Le portrait-roman de Jean Ferrat par Philippe Kohly, une voix d’or, un grand mélodiste, qui a chanté le merveilleux de vivre et, dénonçant l’injustice, a porté l’espoir de tout un peuple.
Mais connaît-on bien le chanteur ? Jean Ferrat était secret, taiseux. Son éternel demi-sourire a masqué 3 grandes tragédies. Celle de l’enfant dont le père fut déporté. Celle de l’homme qui vécut l’autodestruction de sa femme. Celle du militant qui vit l’effondrement de toutes ses espérances.
Amoureux de la vie malgré tout : tel est son message, plus fraternel que jamais.
Jean Ferrat ne se livre pas, ne se lâche pas. Tant de défenses supposent une fragilité, des blessures, des émotions violentes.
Ce sont elles qu’il faut rechercher à travers son répertoire en allant de chanson en chanson, de « Ma Môme » à « Nuit et Brouillard », de « C’est beau la vie » à » La Montagne », de « Camarade » à « Potemkine », sans oublier « A Santiago », « Que serais-je sans toi », « Ma France », « Aimer à perdre la raison », « On ne voit pas le temps passer »…
Un portrait-musical, riche en chansons et en images d’archives.
Faire un vrai portrait de Jean Ferrat est une gageure. Sur scène le chanteur ne se lâchait pas. Dans la vie, l’homme était secret, taiseux. Jean Ferrat le souriant est une citadelle hérissée de défenses. Partir à la recherche d’un personnage qu’on ne connaît pas : tel est notre propos.
La première intention est contribuer à une transmission : gratifié d’une voix d’or, « céleste », Jean Ferrat n’est pas seulement un chanteur des années 60 et 70. Sa place est quelque part à côté de Brel et de Brassens, celle d’un vrai poète. Grand mélodiste, il a composé les musiques de ses 200 chansons dont une bonne vingtaine résistent au temps. Le portrait les met en scène en les intégrant dans sa vie.
Chemin faisant, il répond à des questions : Comment le futur ingénieur chimiste est-il devenu chanteur ? Pourquoi a-t-il arrêté la scène à 42 ans ? Aimait-il chanter sur scène ? A-t-il mené sa carrière avec un seul poumon ? etc.
La deuxième idée est de dégager « l’équation Jean Ferrat », son style propre, sa signature particulière : l’alliance des contraires.
Les contraires ont gouverné son histoire. Depuis sa naissance (d’une mère auvergnate et d’un père Juif russe), à son mariage (avec Christine Sèvres, chanteuse au tempérament de feu ) jusqu’aux deux époques de sa vie (chanteur vedette sur les routes, Ardéchois en espadrilles pendant 40 ans).
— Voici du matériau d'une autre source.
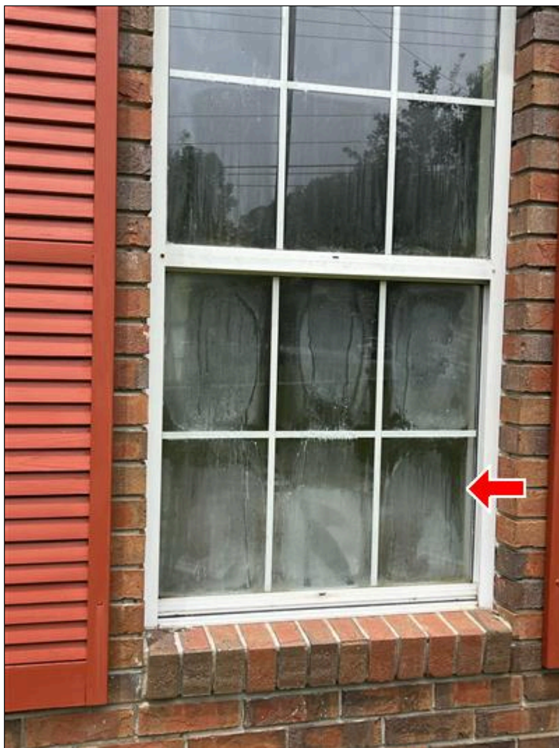
4.6 Picture 1

4.6 Two windows cloudy (lost seal) at the home. In order to correct the cloudy appearance of glass, a replacement of glass pane or the unit will be necessary. A qualified person should repair or replace as needed.
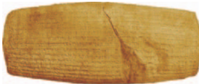
The Cyrus Cylinder

The policy, often hailed as Cyrus' declaration of human rights, coincides with the biblical account of the ruler's actions, in which Cyrus decreed that the temple in Jerusalem should be rebuilt, and that all the exiled Israelites who wished to join in the venture had his permission and blessing to do so (Ezra 1:1-11). The little nine-inch-long clay cylinder stands as impressive testimony—along with several other archaeological finds—to the historical accuracy of the biblical text.
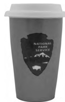
Ceramic Travel Mug
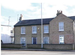
Former Lloyds Bank - 2018

Ce mariage des contraires gouverne sa création. Celui qui chante «Je ne suis qu’un cri » n’est jamais violent. Il reste toujours mélodieux, harmonieux. Jean Ferrat est le chanteur du cri harmonieux. Même quand il dénonce l’horreur, même dans Nuit et Brouillard, Jean Ferrat enchante.
Le troisième mouvement est de comprendre, de rechercher les clés. Ce style particulier de Jean Ferrat - enchanteur et indigné - est le fruit de son enfance. Il est issu du tragique.
A 11 ans, en 1941, le ciel dans lequel il vivait lui est tombé sur la tête : le garçon a découvert qu’il était juif. Il a vu son père disparaître pour être déporté et mourir à Auschwitz. Il ne s’en est jamais remis. Pour survivre, il s’est révolté, il a dénoncé l’injustice et en même temps il a voulu restaurer le ciel fracassé de son enfance. Chanteur de la révolte et du merveilleux de vivre, Jean Ferrat, derrière son demi-sourire, a mené une longue résilience.
Un sourire qui dût masquer deux autres grandes tragédies :
L’homme a connu l’autodestruction de sa femme, Christine Sèvres, qui mourut à 50 ans.
Le militant enfin, celui de l’idéal communiste, a vu s’effondrer toutes ses espérances dans les années 80. Jean Ferrat avait l’utopie chevillée au corps. Il était le poète des lendemains qui chantent. Il portait l’espoir de ceux qui souffrent. C’est le sens de sa vie qui s’est brisé quand advint le règne de l’argent.
Ne renonçant jamais à l’idéal, révolté et exaltant le merveilleux de vivre, Jean Ferrat est plus fraternel, et peut-être plus nécessaire que jamais.